In the 1970s, both Labour and the Conservatives made heroic but doomed efforts to control prices and incomes, voluntary then obligatory. Failure postponed and exacerbated both recession and inflation. Still, it was worth a try. Nobody is looking for an alternative today. The cost of living crisis, however, demonstrates that income and wealth distribution are at the root of the problem and failure to reform taxation obstructs a solution.
It is incredible that on 3 May the Financial Times devoted a whole page to analysing global stagflation prospects compared with the 1970s without mentioning price and income policies or any other possible ways out of the policy dilemma. There is an almost universal acceptance that there are no alternatives.
In 2020 and 2021, the pandemic supply shock cost the UK 16% of a year’s trend real gross domestic product. More losses are to come from Russian President Vladimir Putin’s war in Ukraine. Output equals income. Cost-push inflation is caused by a supply side output squeeze hence income losses. Fiscal and monetary demand management cannot replace lost supply. Like income policies, pandemic bailouts only bought time. As budgetary relief is withdrawn, hurt replaces help. Household income losses can only be postponed.
Since lost income is unavoidable, policy needs to target equitable shares. Where both tax and welfare systems are sufficiently progressive, balanced budget reflation theoretically contributes to a solution. Equal tax and spending increases initially leave the budget deficit unchanged but boost demand. Welfare benefits go to those otherwise obliged to spend less. Tax increases fall on those most able to absorb them out of savings. Multiplier-increased demand and growth then bring positive budget rewards. Put another way, it is possible to reduce a budget deficit without deflating demand by increasing taxes marginally more than welfare spending.

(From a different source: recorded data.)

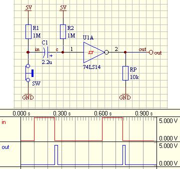 Jeżeli chodzi o fizyczną metodę rozwiązania problemu - wstawiając szeregowo kondensator, w momencie przejścia w stan wysoki otrzymamy impuls. W momencie zejścia na stan niski musimy jakoś rozładować kondensator w taki sposób, aby nie mieć skoku napięcia na wyjściu. Wejście mamy rozwarte, więc nie tędy. Jak rozładować ten kondensator?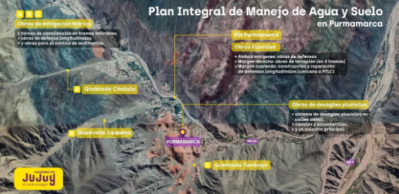 El Plan Integral de Manejo de Agua y Suelo fue gestado por la Dirección Provincial de Recursos Hídricos (DPRH) desde 2018 para reducir el riesgo para las poblaciones y la producción en las zonas de la cuenca del río Purmamarca, para lo que prevé obras fluviales en el río Purmamarca, con la incorporación de defensas en ambas márgenes.; obras de desagües pluviales en la ciudad, y obras en las quebradas de Chalala, Coquena y Tumbaya. (El detalle de cada conjunto de obras puede leerse aquí).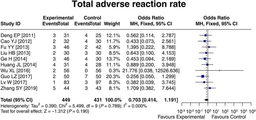 Ten studies compared the total adverse reaction rate between the experimental and control groups, and there was no heterogeneity among these studies (I2 = 0.000%; p = 0.789). Then, the fixed-effects model showed that there was no difference in the total adverse reaction rate between groups [OR (95% CI): 0.703 (0.414, 1.191); p = 0.190] (Figure 5). In addition, the specific adverse reaction, including diarrhea [OR (95% CI): 0.812 (0.356, 1.852); p = 0.620], nausea and vomiting [OR (95% CI): 0.971 (0.243, 3.891); p = 0.967], abdominal distension [OR (95% CI): 0.565 (0.199, 1.610); p = 0.286], and abdominal pain [OR (95% CI): 1.513 (0.257, 8.901); p = 0.647] were not different between the experimental and control groups (Supplementary Table S1). These results suggested that LCBE did not increase the risk of adverse reactions.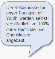 Unser Fountain of Youth kommt direkt aus der Nuss in die Dose und erhält sich somit die maximale Frische. Es schmeckt natürlich süß mit einer leicht nussigen Kokosnote. Es ist unser absolutes Lieblingsgetränk und jeder der Lust hat sollte es einfach mal probieren. Wir haben in unserem Hotel Gäste aus der ganzen Welt und somit die Möglichkeit ein direktes Feedback zu bekommen.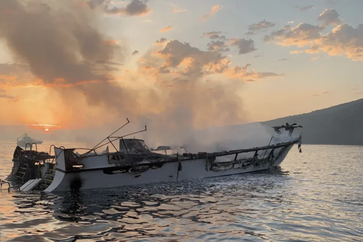 The fire occurred before dawn on September 2, 2019, while the Conception was anchored off Santa Cruz Island at the tail end of a three-day dive trip. Five crew members asleep in the boat’s top deck, including Captain Jerry Boylan, were awakened by shouts of “Fire! Fire!” and managed to escape. The passengers and another crew member trapped below deck by the flames, however, died from smoke inhalation, according to Santa Barbara County coroner’s reports.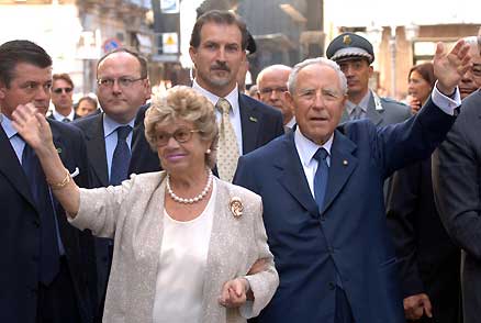 Il Presidente Ciampi, in compagnia della moglie Franca, risponde al saluto dei cittadini all'arrivo in Piazza Vittorio Emanuele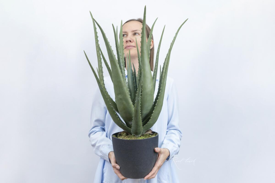 Алоэ из плотного силикона равномерного зелёного цвета в чёрном техническом кашпо, декорированное мхом и сухими листочками у основания.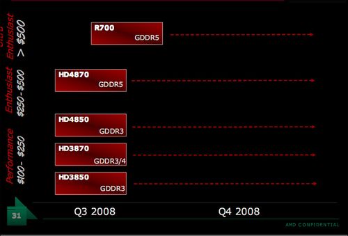 从上面的路线图中我们可以看到,AMD-ATi在RV770这块芯片组的产品线上,将会针对中端、中高端和发烧级顶端用户发布Radeon HD 4850 / Radeon HD 4870 / Radeon HD 4870X2这三款不同型号的显卡。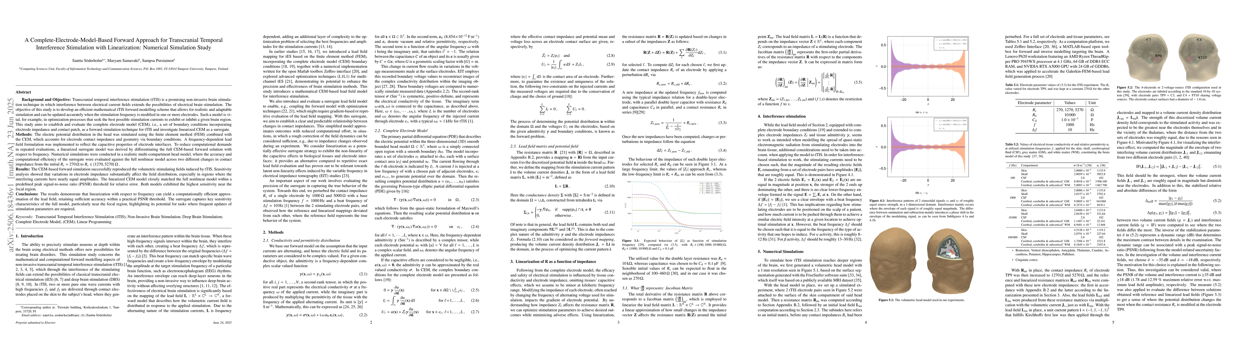 This study develops a mathematical model for Transcranial Temporal Interference Stimulation (tTIS), considering electrode impedance and contact. The Complete Electrode Model (CEM) accurately simulates volumetric stimulating fields, showing significant sensitivity to electrode impedance changes. A linearized CEM model, closely matching the full nonlinear model, is proposed for efficient optimization of brain stimulation.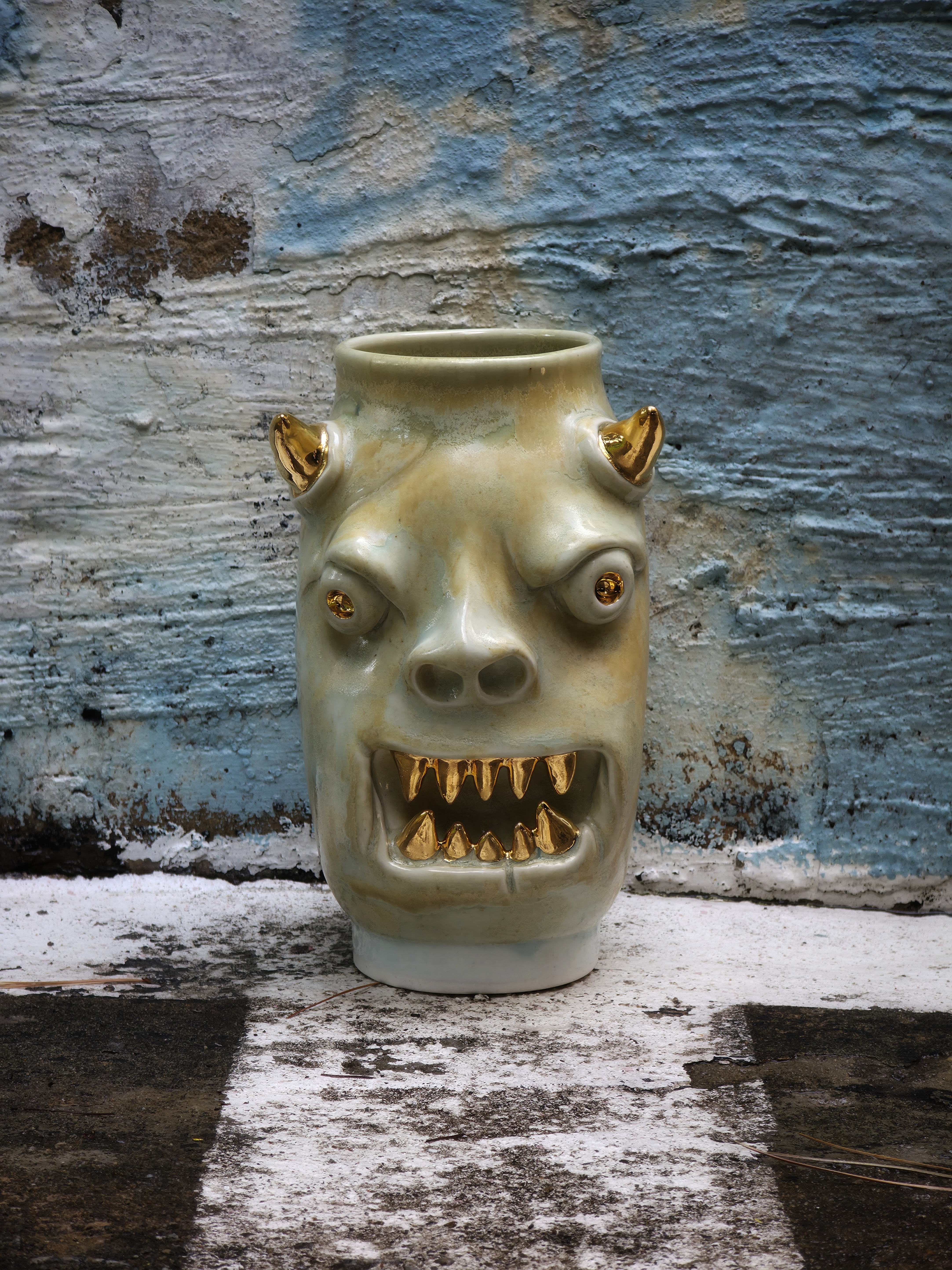 They make gold for good people, protect their homes, and help them succeed. Their figures exist in people's imaginations, and sometimes they are seen as men with magical powers, or they are portrayed as terrifying monsters. You can meet Korean goblin faces imagined by ceramic artist Hyung Jun Kim in our brand.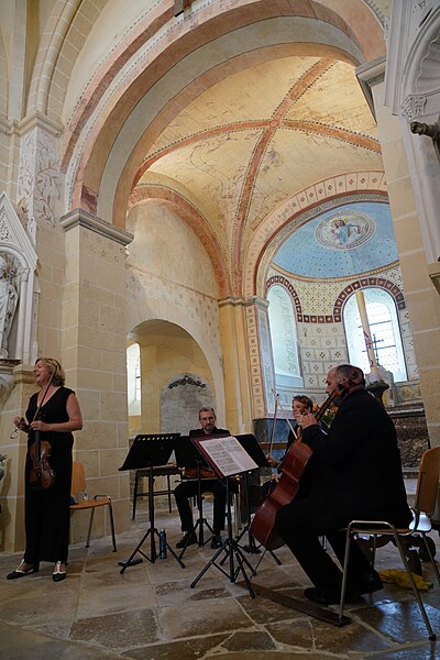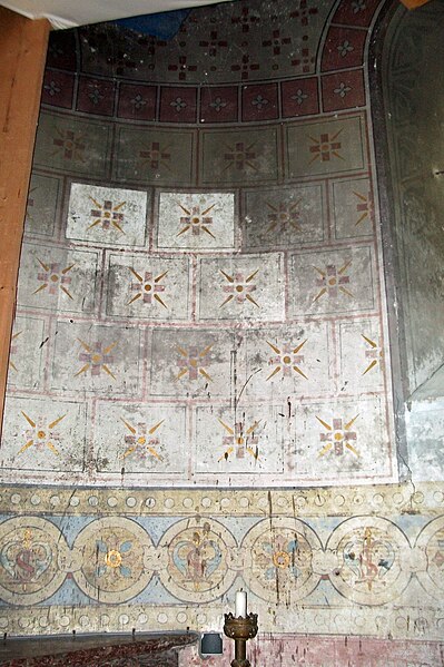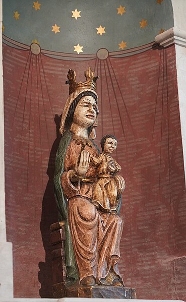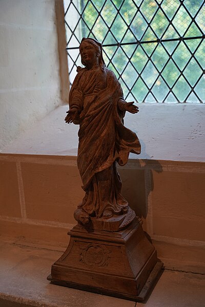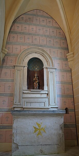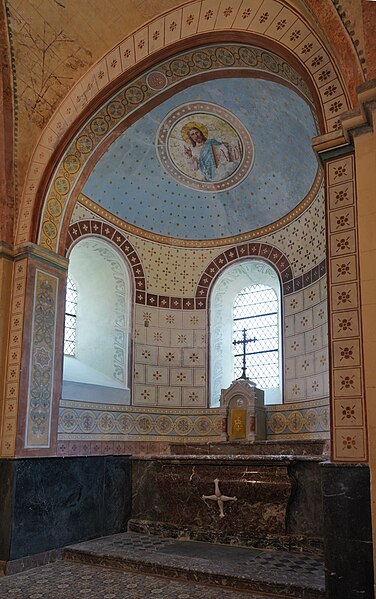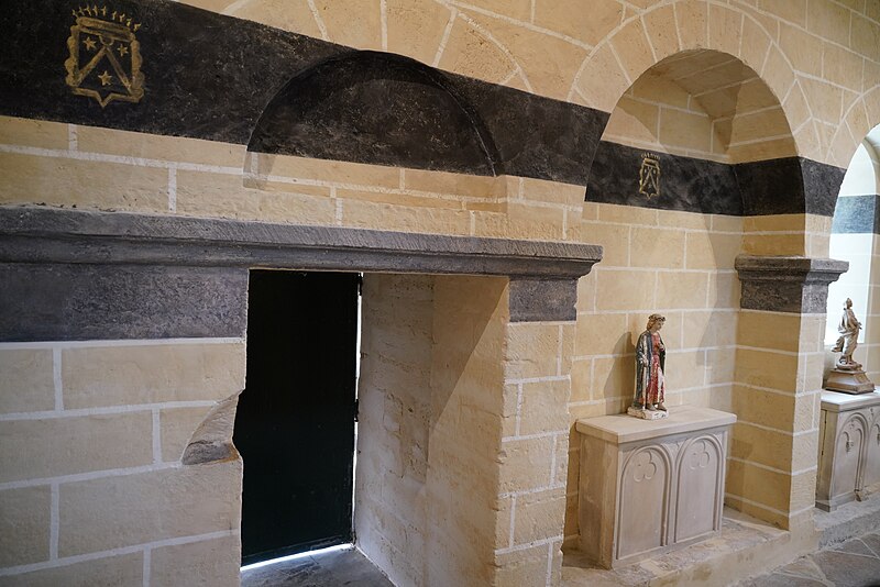 Le clocher présente des baies géminées et la flèche Renaissance qui le couronne. L'intérieur de l'abside est décoré dans un style néo-gothique, tandis que sa façade extérieure est ornée de modillons anthropomorphes. Les piliers de la nef portent des croix de consécration et l'arc triomphal, qui sépare la nef du chœur, est orné de motifs floraux caractéristiques du roman primitif. L'édifice abrite plusieurs œuvres : une statue en pierre de sainte Anne et de la Vierge située dans le bas-côté sud (XVIIe siècle), un tableau de la Cène (XVIe siècle), une statue en bois de saint Éloi (XVIIIe siècle) classée au titre des objets monuments historiques depuis le 3 novembre 1966, ainsi que des sculptures sur l'abside et des fresques.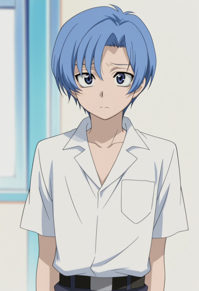 1boy, male focus, solo, blue eyes, blue hair, short hair, school uniform, collarbone, white shirt, collared shirt, short sleeves, belt, black pants,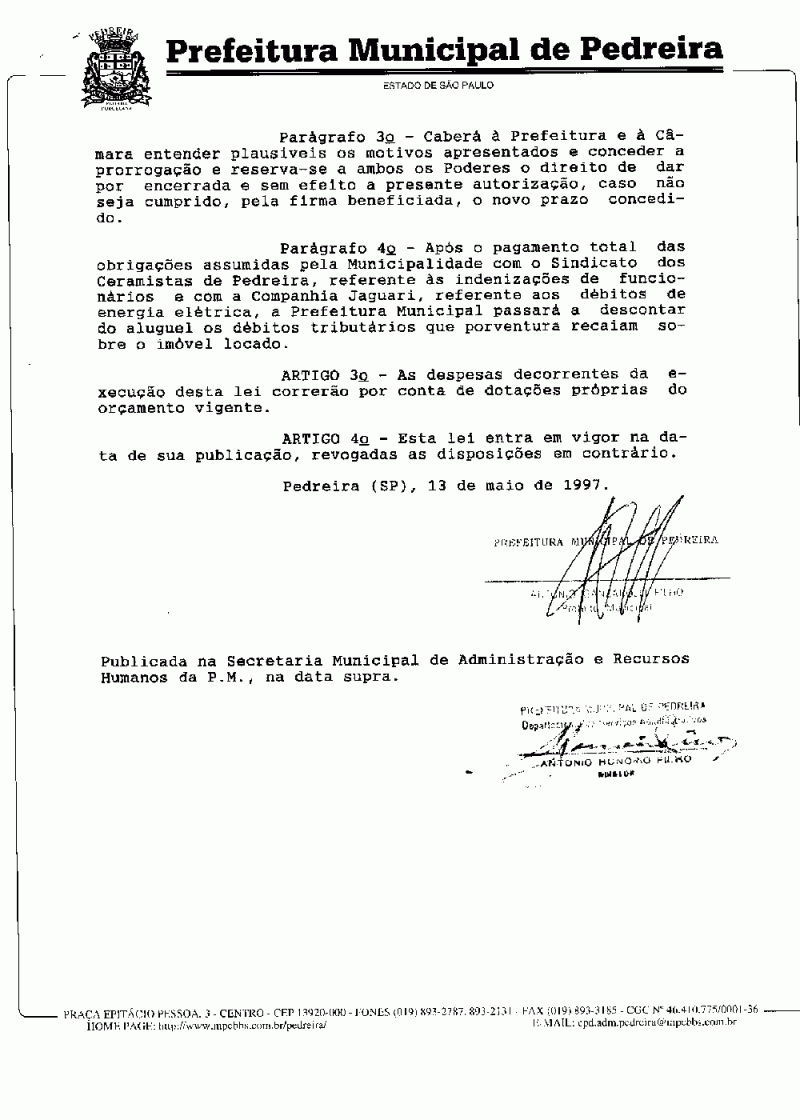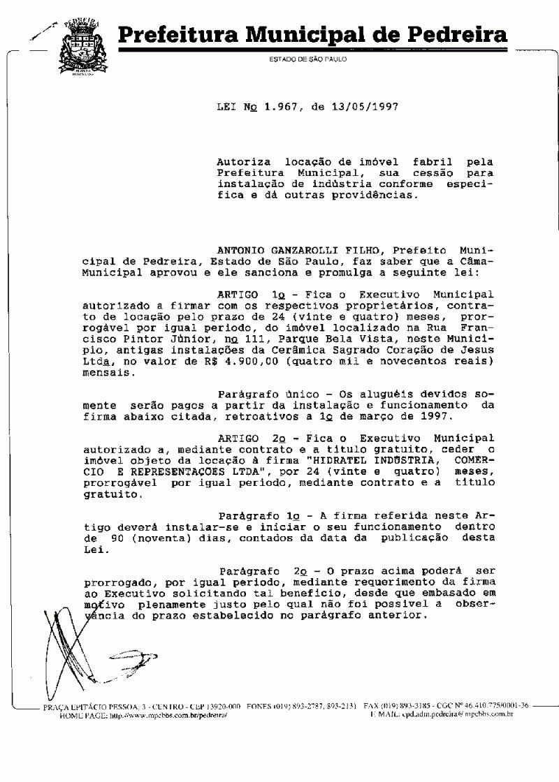Ementa: Autoriza locação de imóvel fabril pela Prefeitura Municipal, sua cessão para instalação de indústria conforme especifica e dá outras providências.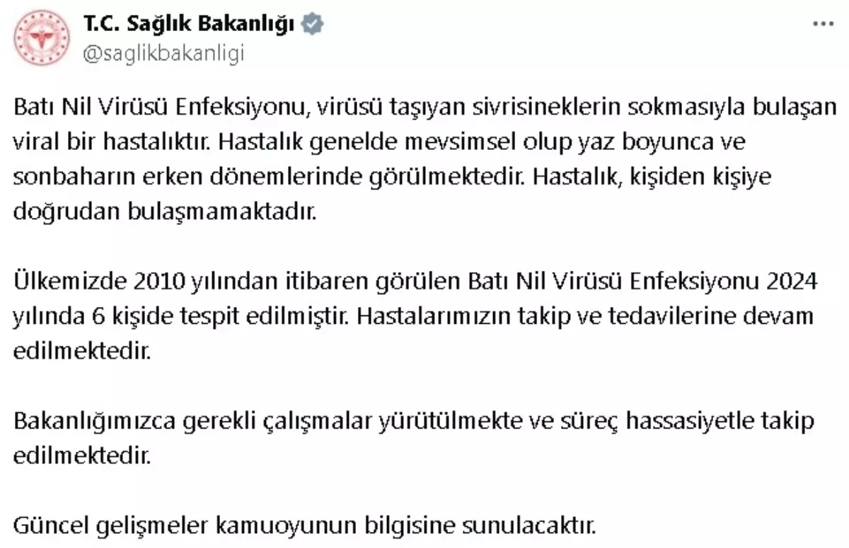 Sağlık Bakanlığı sosyal medya hesabından yapılan açıklamada, “Batı Nil Virüsü Enfeksiyonu, virüsü taşıyan sivrisineklerin sokmasıyla bulaşan viral bir hastalıktır. Hastalık genelde mevsimsel olup yaz boyunca ve sonbaharın erken dönemlerinde görülmektedir. Hastalık, kişiden kişiye doğrudan bulaşmamaktadır. Ülkemizde 2010 yılından itibaren görülen Batı Nil Virüsü Enfeksiyonu 2024 yılında 6 kişide tespit edilmiştir. Hastalarımızın takip ve tedavilerine devam edilmektedir. Bakanlığımızca gerekli çalışmalar yürütülmekte ve süreç hassasiyetle takip edilmektedir. Güncel gelişmeler kamuoyunun bilgisine sunulacaktır” ifadelerine yer verildi.

This is the big state solution. It presents practical, doctrinal, systemic and political problems for the UK. Cost-push inflation is too many claimants chasing too little income. Increased taxes fall on those best able to reclaim market income through wage and price hikes. Welfare beneficiaries have the least market power. In practise, balanced budget reflation may limit demand damage but add cost-inflationary pressure. But while labour’s market power has diminished since the 1970s, beneficiaries’ and public sector workers’ political power has increased. Wage push is now less likely.
Treasury doctrine opposes big government. It represents taxpayers and has the distinctive job to resist all other departments’ increased spending. When budget deficits need reducing, spending cuts take priority. Many of today’s problems stem from former Chancellor George Osborne’s grossly flawed austerity.
Unreformed taxation poses a systemic problem. It is barely progressive. Revenue is too dependent on indirect spending taxes. Direct income tax and national insurance contributions are only mildly progressive. Wealth largely escapes taxation. Even when direct taxes are increased, it is in the least progressive way, by freezing income tax allowances and thresholds and increasing national insurance contributions. Such measures cost middle income taxpayers most but hurt marginal payers most.
Finally, the establishment is powerfully opposed to progressive tax reform and a wealth tax. It unconsciously champions increased income and wealth inequality, odious before the pandemic and war and obscene in the cost of living crisis. Changed global realities take one back to the Korean war commodity price explosion, but nothing matches the abrupt global supply chain dislocation.
Inequality will inescapably become intolerable to the masses. The democratic consequences are inestimable without the emergence of a great reformer such as Robert Peel, David Lloyd George or Clement Atlee. There is no sign that Boris Johnson or any other potential Conservative leader will be one. Labour’s Sir Keir Starmer is too pedestrian and conventional. Watch out instead for a more potent Jeremy Corbyn mark 2.
Brian Reading was Economic Adviser to UK Prime Minister Edward Heath and the first Economics Editor of The Economist in 1972. He is a Member of the OMFIF Advisory Board.